# Transition from Indoor to Outdoor cat



## Cats_Shadow

Hi Everyone,

Does anyone have any advice on introducing a cat to the great outdoors?

Shadow has lived indoors all her life, she is now 4 years old. When we got her we were told that as she is of nervous disposition we would have to keep her inside as if she was let out she'd just run away.

However, we are going to be moving to a new place next month with a lovely garden. The estate is quiet and is far from busy roads. 

I'd really like to let her out and start introducing her to the outdoors. Is this a good idea? Any tips on doing this? I read you should stay somewhere 2 months at least before letting them out, so they get their bearings. Also heard that if you put butter on their paws before letting them out they clean it off while sitting there and feeling relaxed, taking in the atmosphere and remembering it as home.

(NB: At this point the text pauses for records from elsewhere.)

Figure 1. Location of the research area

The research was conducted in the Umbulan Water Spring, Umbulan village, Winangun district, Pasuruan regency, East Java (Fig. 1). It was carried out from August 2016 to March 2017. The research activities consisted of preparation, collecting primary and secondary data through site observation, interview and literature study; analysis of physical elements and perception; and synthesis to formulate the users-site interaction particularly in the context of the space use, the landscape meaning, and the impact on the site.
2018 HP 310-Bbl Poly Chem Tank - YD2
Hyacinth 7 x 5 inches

Do you think she will run away? If she's nervous surely this is an advantage in a way, she won't be getting into dangerous situations or pestering people who don't like cats....


----------



## Selk67U2

*To be honest I don't know what she'll do. Not sure about the butter thing either, new one on me. You could try a harness for a while and let her walk about the garden on that. The keeping her in for a while when you move is right. If she is a nervous cat, then I would'nt be letting her out, what if she panics and legs it the wrong way, she may never come back, not a risk i'd want to take, but I don't know what the area is like where you are moving to.*


----------



## Janee

Hi there Cat's Shadow.

I would be inclined to keep her in for about 2 months. This is because she will have to adjust to new smells of the house, new arrangements of furniture, rooms etc. Also noises from both inside and outside the house.

While she is in, you, as the owner, can look out for any possible risks that you would be unaware of if not living there. Such as: dogs let loose, gangs of teenagers, other cats crossing what will be her territory, neighbours who may not like cats.

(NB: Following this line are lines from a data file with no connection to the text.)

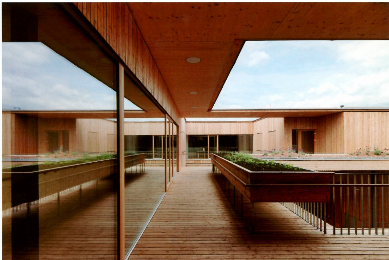
项目位置：奥地利格拉茨市 设计师：Dietger Wissounig Architekten
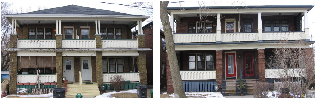
Fourplexes at 2-4 (left) and 6-8 (right) Wineva Avenue
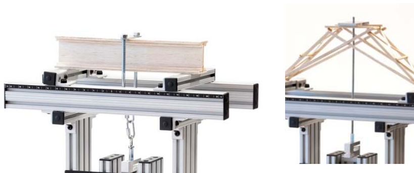
The beam on the left is secured using a U-bolt and quick links while the structure to the right is secured using a threaded rod attached to a metal loading plate.

Once the structure or beam is secured in place with the appropriate tackle, connect the VSMT Force and VSMT Displacement Sensors to an interface. Open the appropriate experiment file if using Logger Pro . Zero the sensors and start data collection. Turn the displacement wheel in the direction of the arrows (counter clockwise) and the Force Sensor travels down, applying a force to the structure or beam via the tackle. The VSMT Force Sensor registers the force while the VSMT Displacement Sensor tracks how far the structure has been deflected, bent, or stretched.
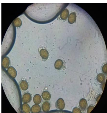
Fig. 1: Eggs of D. latum

Routine examination of stool sample showed undigested food particles and cream coloured tape-like structures, indicating some tapeworm infestation. Wet mount preparation showed the presence of large number of oval shaped, bile stained eggs, measuring approximately 70 µm×45 µm with an operculum at one end. [Fig. 1]. Typical proglottids, broader than the length, were identified. However there was no identifiable scolex. [Fig. 2]. On the basis of the morphology of the eggs with operculum and the presence of broader than long segments, the parasite was identified as Diphyllbothrium latum . Blood picture revealed hemoglobin of 9.7 g/dL and a total count of 8500/mm 3 . Differential counts were within normal limit except for eosinophil slightly raised (9%). The peripheral blood smear showed hypersegmented neutrophils suggesting megaloblastic anaemia. [Fig. 3]. She was treated with a single dose of Niclosamide 2g and follow-up stool test for ova and parasites done two weeks later were negative. Her hemoglobin level was also increased to 12 g/dL done three months later.
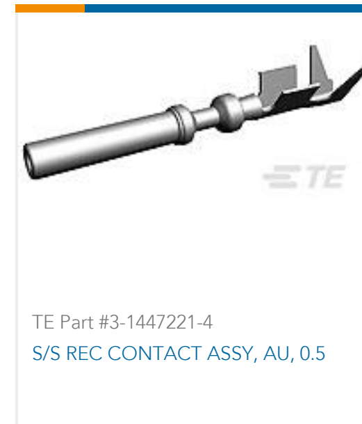
TE Part #3-1447221-4 S/S REC CONTACT ASSY, AU, 0.5
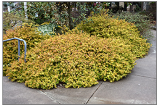
Kaleidoscope Abelia

Kaleidoscope Abelia will grow to be about 30 inches tall at maturity, with a spread of 4 feet. It tends to fill out right to the ground and therefore doesn't necessarily require facer plants in front. It grows at a slow rate, and under ideal conditions can be expected to live for approximately 30 years.
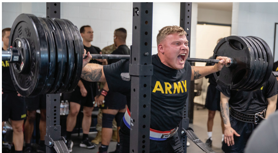
A 10th Mountain Division soldier participates in a weightlifting competition hosted by the division's Holistic Health and Fitness team at Fort Drum, New York.

F aced with changing adversaries and an increasingly complex operating environment, the Army must make sure soldiers are ready to fight, win and not just survive, but thrive, a senior Army leader said.
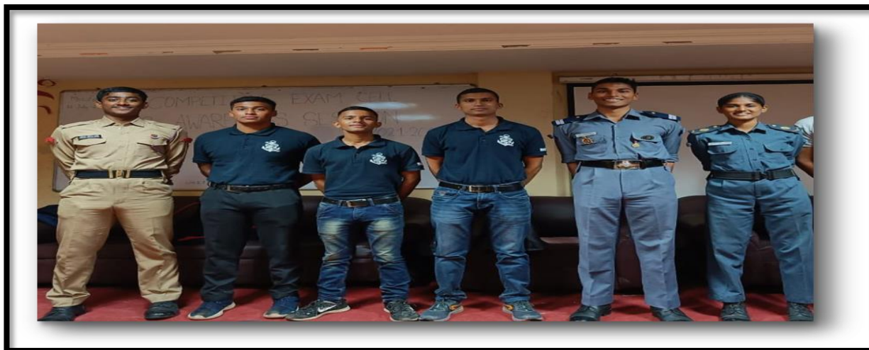
NCC Awareness on 11 -07-2022
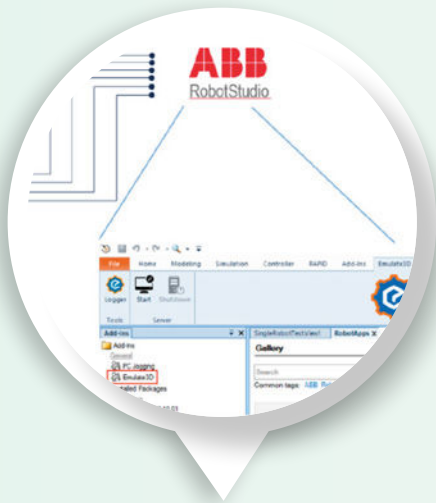
Picture: Sim3D enables the connection of robot simulators

For robots, it is also possible to have the axis positions controlled by a connected robot simulator or control emulator to simulate real trajectory. Standard interfaces to Fanuc Roboguide, Omron ACE, ABB Robotstudio and Yaskawa MotoSim are available for this purpose.
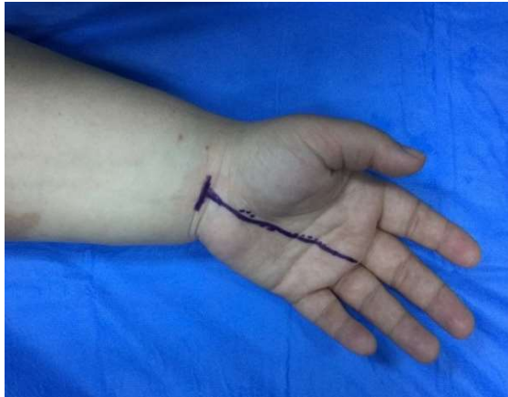
Figure [1]: surgical marking a] flexor carpi radialis b] palmaris longus c] radial border of the ring finger and d] proximal wrist crease.

carpi radialis, palmaris longus, radial border of the ring finger and proximal wrist crease [Figure 1].
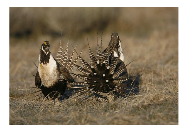
Gunnison Sage-Grouse

plan for the listing of the sage-grouse.<sup>177</sup> To identify and nominate peer reviewers, the FWS, "in cooperation with Colorado Parks and Wildlife and the Utah Division of Wildlife Resources," sought at least "three qualified experts" who exhibited the following four criteria: (1) expertise with the Gunnison sagegrouse or similar species biology; (2) independence from the FWS; (3) "recognition by his or her peers as being objective, openminded, and thoughtful" and; (4) absence of any financial or other interest that would create a conflict of interest, an impairment of objectivity, or an unfair competitive

Then you can make an informed decision as to whether to go ahead letting her out. 

You need to think about access - catflap and what sort. There are bog standard swing door cat flaps, there are magnet and infrared catflaps - collars needed, and there are microchip catflaps that scan your cat's chip. The price varies from cheap to £80 - £120 for a chip scanning version. The advantage of magnetic, chip etc is that they only let your cat in and to a certain extent you can programme them.

If you haven't got her chipped, then I would recommend it if you let her out. This is because if she got lost hopefully having her chipped would make it more likely that you would be re-united.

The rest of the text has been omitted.